Так как Франсуаза находила, что оставаться без движения слишком холодно, то мы отправлялись к мосту Согласия посмотреть на замерзшую Сену, к которой каждый, даже дети, подходил без опаски, как к огромному выбросившемуся на берег беззащитному киту, которого собираются свежевать. Затем мы возвращались на Елисейские поля. Я тосковал между неподвижными деревянными лошадками каруселей и белой лужайкой, охваченной сетью черных аллей, откуда снег был расчищен, между тем как возвышавшаяся над ними статуя держала в руке длинную ледяную сосульку, служившую, казалось, объяснением ее позы. Даже старая дама, сложив свой «Journal des Débats», спрашивала у проходившей мимо няни, который час, благодарила ее, говоря: «Как вы любезны!» – затем, попросив метельщика подозвать к ней внуков, так как ей стало холодно, прибавляла: «Вы окажете мне огромную услугу. Мне ужасно совестно беспокоить вас». Вдруг точно сверкала зарница: между театром марионеток и каруселями, на прояснившемся горизонте, среди расступившихся облаков, я замечал, как чудесное знамение, синее перо мадемуазель.
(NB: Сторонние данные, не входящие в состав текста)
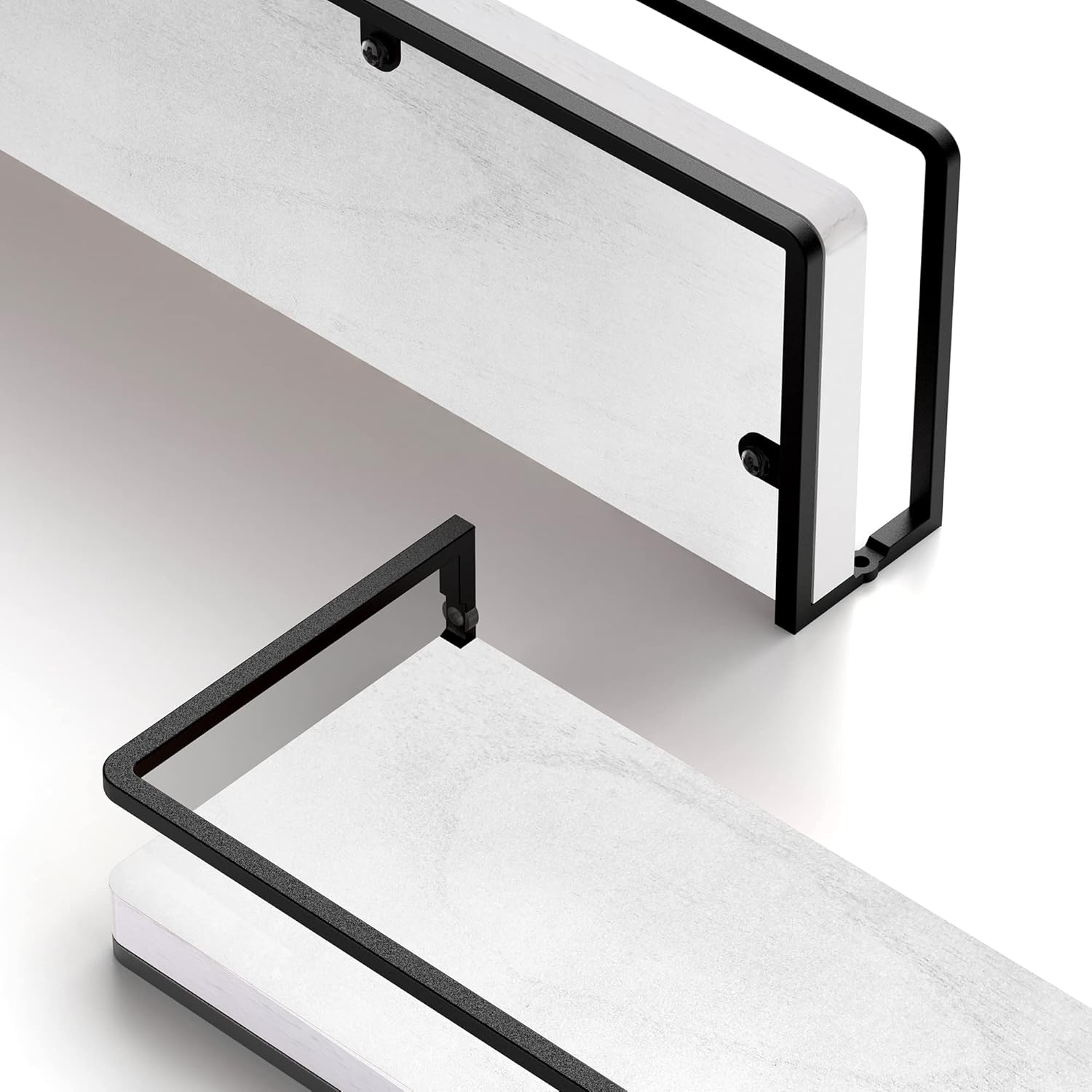 Meangood Floating Shelves Wall Mounted Set of 2, Rustic Wood Wall Storage Shelves for Bedroom,Living Room,Bathroom, Kitchen (White)

И уже Жильберта что есть мочи бежала по направлению ко мне, сияющая и раскрасневшаяся, в меховой шапочке, возбужденная холодом, опозданием и желанием играть; немного не добежав до меня, она катила по льду и, скользя таким образом, – для того ли, чтобы лучше сохранить равновесие, потому ли, что находила это более грациозным, или же желая придать себе позу конькобежца, – широко раскидывала руки и приветливо улыбалась, словно хотела заключить меня в свои объятия. «Браво! Браво! Превосходно! Я бы сказала даже, как сейчас это принято: шикарно, молодцом, если бы не была женщиной другого поколения, старорежимной, – восклицала старая дама, взяв слово от лица безмолвных Елисейских полей, чтобы поблагодарить Жильберту за то, что та пришла, не испугавшись погоды. – Вы, подобно мне, верны, несмотря ни на что, нашим старым Елисейским полям; мы двое неустрашимы. Если бы вы знали, как я люблю их, даже в том виде, как сейчас. Этот снег – вы будете смеяться надо мной – напоминает мне мех горностая!» И старая дама сама смеялась.
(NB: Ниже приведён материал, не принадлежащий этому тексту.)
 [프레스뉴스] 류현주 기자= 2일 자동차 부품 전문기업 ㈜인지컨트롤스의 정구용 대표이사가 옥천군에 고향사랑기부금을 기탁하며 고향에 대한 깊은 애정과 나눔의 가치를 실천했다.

Первый из этих дней – которым снег, символ сил, властных лишить меня лицезрения Жильберты, сообщал печаль дней разлуки, даже видимость дней отъезда, потому что менял лицо привычного места наших единственных свиданий и почти отнимал у нас возможность пользоваться им (оно выглядело тогда совсем иначе, было как бы покрыто чехлом) – первый такой день дал большой толчок развитию моей любви, ибо он был как бы первым огорчением, которое Жильберте пришлось разделить со мной. Нас было только двое из всей нашей группы, и то обстоятельство, что мы оказались, таким образом, наедине с ней, не только содействовало установлению большей интимности между нами, но казалось мне также – как если бы она пришла в такую погоду исключительно ради меня – столь же трогательным с ее стороны, как показался бы мне ее отказ пойти на детское утро в один из дней, когда она бывала приглашена, чтобы не лишить меня свидания с ней на Елисейских полях; я проникался большей верой в жизнеспособность и долговечность нашей дружбы, которая оставалась такой полнокровной посреди оцепенения, запустения и разрушения окружавших нас мест; и в то время как Жильберта бросала мне комья снега за воротник, я умиленно улыбался тому, что казалось мне одновременно и знаком трогательного внимания, которое она свидетельствовала мне, снося меня как товарища по путешествию в этой новой студеной стране, и своего рода верностью, сохраняемой ею ко мне среди невзгод. Вскоре одна за другой, словно робко подпрыгивающие воробышки, собрались ее подруги, четко выделяясь черными силуэтами на снежном фоне. Мы приготовились играть, и так как этому столь печально начавшемуся дню суждено было закончиться в радости, то, когда я подошел перед игрой к той девочке с резким голосом, из уст которой впервые прозвучало здесь имя Жильберта, она сказала мне: «Нет, нет, я уверена, что вам приятнее будет играть на стороне Жильберты; к тому же смотрите, она сама делает вам знак». Она действительно звала меня к себе на снежную полянку, которую солнце, испещряя розовыми бликами, покрывая металлическим глянцем старой изношенной парчи, обращало в кусок золотого глазета.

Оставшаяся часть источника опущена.